I had very good results from Yocto-thermocouple http://www.yoctopuce.com/EN/products/usb-environmental-sensors/yocto-thermocouple. Very good software support for any OS, including Linux. This USB interface is supplied with two basic (and flimsy) thermocouples. In my application I used standard rugged industrial thermocouples to measure the burning chamber temperature of a owen. The temperature data is then stored on a mysql database to plot the temperature profile of each burning cycle. The owen must reach a specific temperature to break down hazardous chemicals, so reliability is the key of this application, because a missing record could be fined.


----------



## drmike (Nov 15, 2014)

pcan said:


> I had very good results from Yocto-thermocouple http://www.yoctopuce.com/EN/products/usb-environmental-sensors/yocto-thermocouple. Very good software support for any OS, including Linux. This USB interface is supplied with two basic (and flimsy) thermocouples. In my application I used standard rugged industrial thermocouples to measure the burning chamber temperature of a owen. The temperature data is then stored on a mysql database to plot the temperature profile of each burning cycle. The owen must reach a specific temperature to break down hazardous chemicals, so reliability is the key of this application, because a missing record could be fined.

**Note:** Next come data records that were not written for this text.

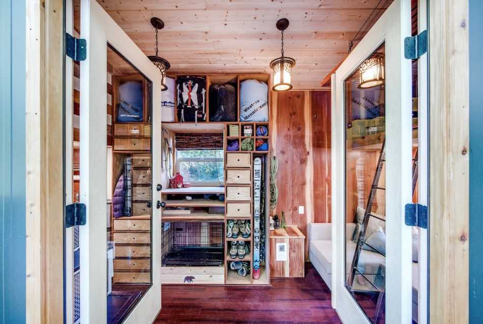 Неудобные предметы маленькой мебели, такие как мягкие скамейки, выдающие себя за диван, не очень привлекательны. Именно поэтому нам нравится этот великолепный дом площадью 300 квадратных футов под названием Royal Pioneer от компании Hand Crafted Movement, расположенной в Портленде, штат Орегон. Компания спроектировала гостиную так, чтобы в ней поместился полноразмерный спальный диван от IKEA. Чтобы сделать просмотр сериалов еще более уютным, комната оборудована электрическим камином, дополненным 40-дюймовым телевизором Smart TV. Массив встроенных настенных систем хранения создает уголки для декоративных аксессуаров и книг.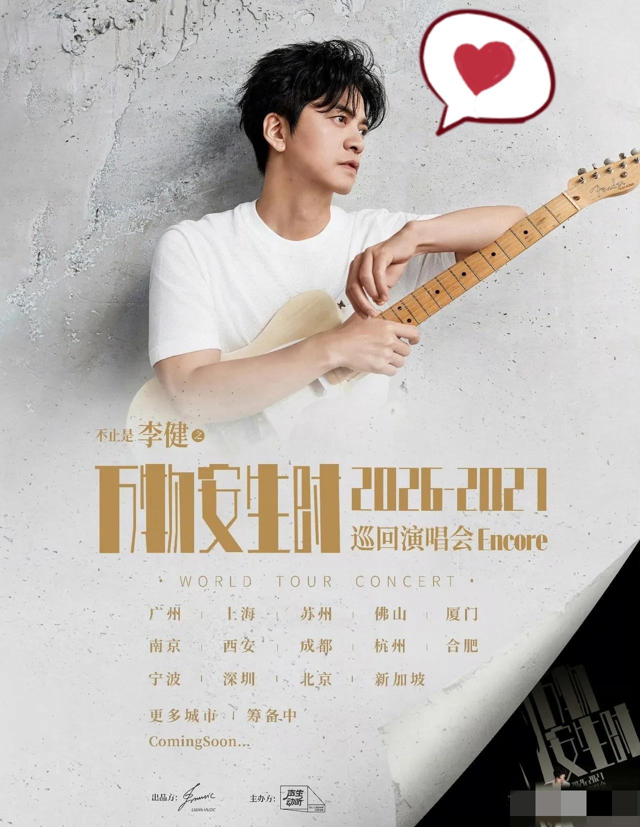 李健正式官宣!音乐诗人带着万物安生时巡演安可场重磅回归,歌迷直接狂喜。 3月1日官宣消息一出,瞬间刷屏。这次巡演横跨2026至2027年,一口气定档14城,从广州启航,走过上海、苏州、成都、西安等热门城市,还登陆新加坡,最终在北京收官。上海更是罕见连开两场,人气爆棚。 舞台全面升级,四面台搭配全息投影与环幕,把东方美学做到极致,经典曲目全新编曲,视听体验拉满。不炒作、不喧哗,李健用最干净的歌声,治愈一整年的疲惫。 这不仅是一场演唱会,更是与歌迷的诗意重逢。你最想去哪一站现场听歌?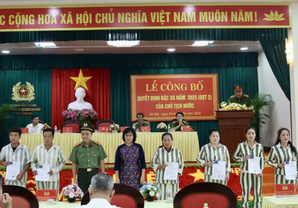 Phát biểu tại buổi Lễ, Thứ trưởng Đặng Hoàng Oanh cho biết, năm 2025, với nhiều sự kiện chính trị quan trọng của đất nước như kỷ niệm 50 năm Ngày Giải phóng miền Nam, thống nhất đất nước (30/4/2025) và 80 năm Quốc khánh nước Cộng hòa xã hội chủ nghĩa Việt Nam (02/9/2025), Chủ tịch nước đã 2 lần ký Quyết định về đặc xá. Ngay sau khi có Quyết định về đặc xá của Chủ tịch nước, Hội đồng Tư vấn đặc xá, các Bộ, ban, ngành và địa phương đã nhanh chóng triển khai thực hiện Quyết định của Chủ tịch nước.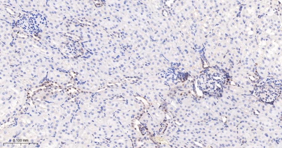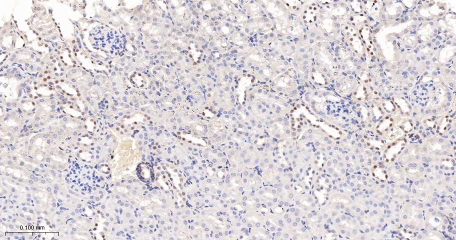 Paraformaldehyde-fixed, paraffin embedded Rat Kidney; Antigen retrieval by boiling in sodium citrate buffer (pH6.0) for 15 min; The section was incubated with Sumo2/3 Monoclonal Antibody, Unconjugated (bsm-61351R) at 1:200 overnight at 4°C, followed by conjugation to the bs-0295G-HRP and DAB (C-0010) staining.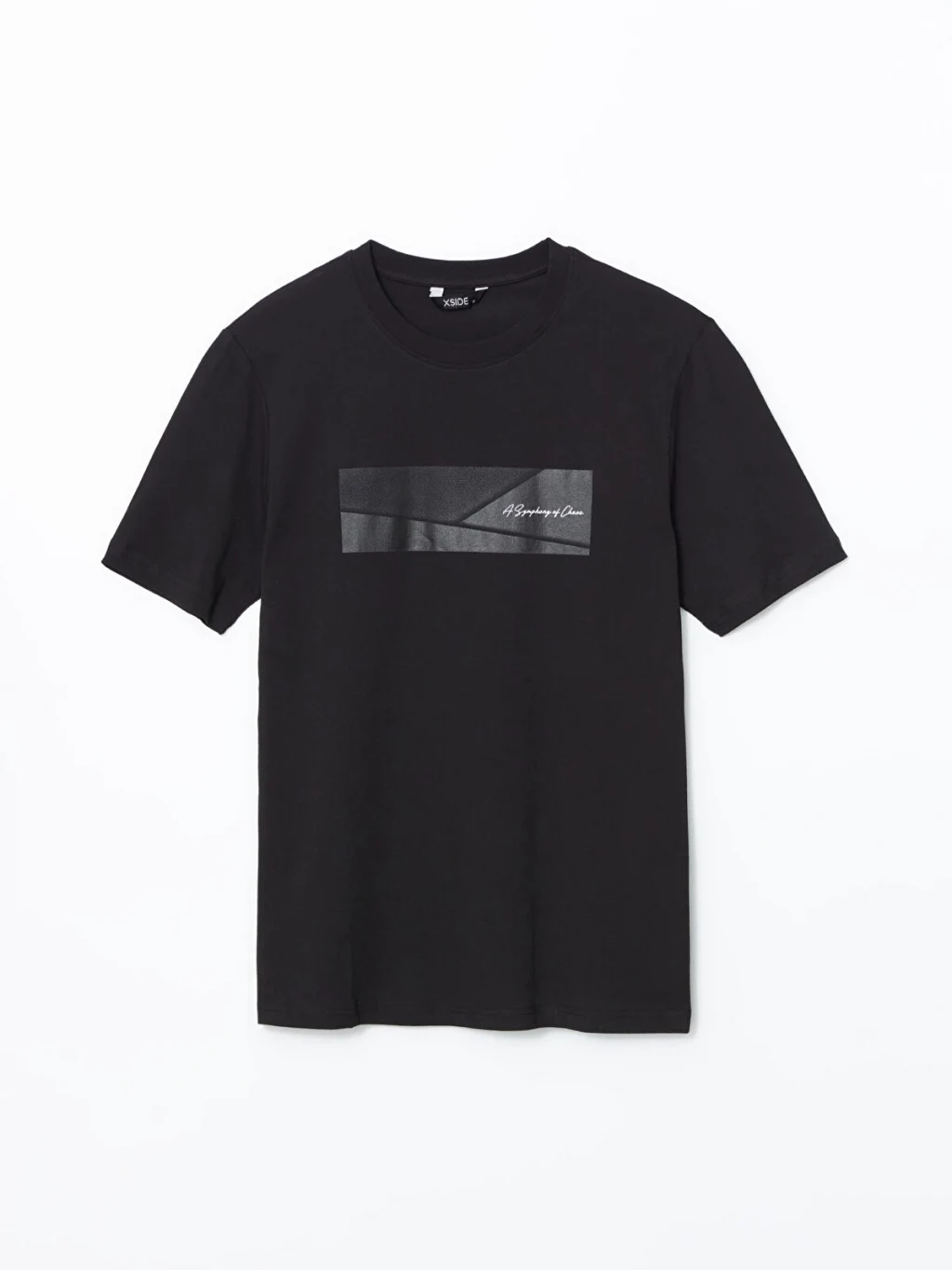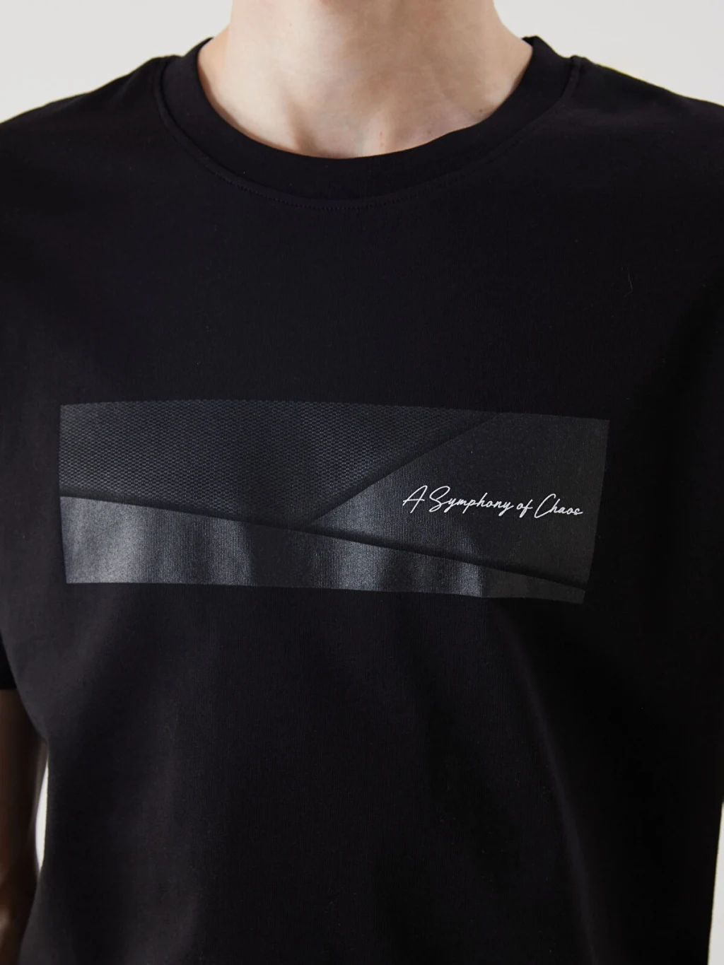 Standart kalıp erkek tişört, %100 pamuklu penye kumaştan üretilmiştir. Bisiklet yaka, kısa kollu ve göğüs baskılı tasarıma sahiptir.

Yocto makes AWESOME stuff.  

Totally great recommendation!!!


----------



## TurnkeyInternet (Nov 27, 2014)

We've used IT Watchguard devices, it's not USB but you mentioned external - and this is simply a stand alone network / tcp-ip device that sends you the alert.

http://www.itwatchdogs.com/

We have clients who use them in their own racks to monitor things in addition to what we already do with our central system.  It's a good 1-off monitor device for a single client.


----------



## rds100 (Nov 27, 2014)

There is this cheap thing from DealExtreme - http://www.dx.com/p/temper-usb-thermometer-temperature-recorder-for-pc-laptop-81105

I haven't tried it myself, but some guy in the comments / reviews claims it works with linux.


----------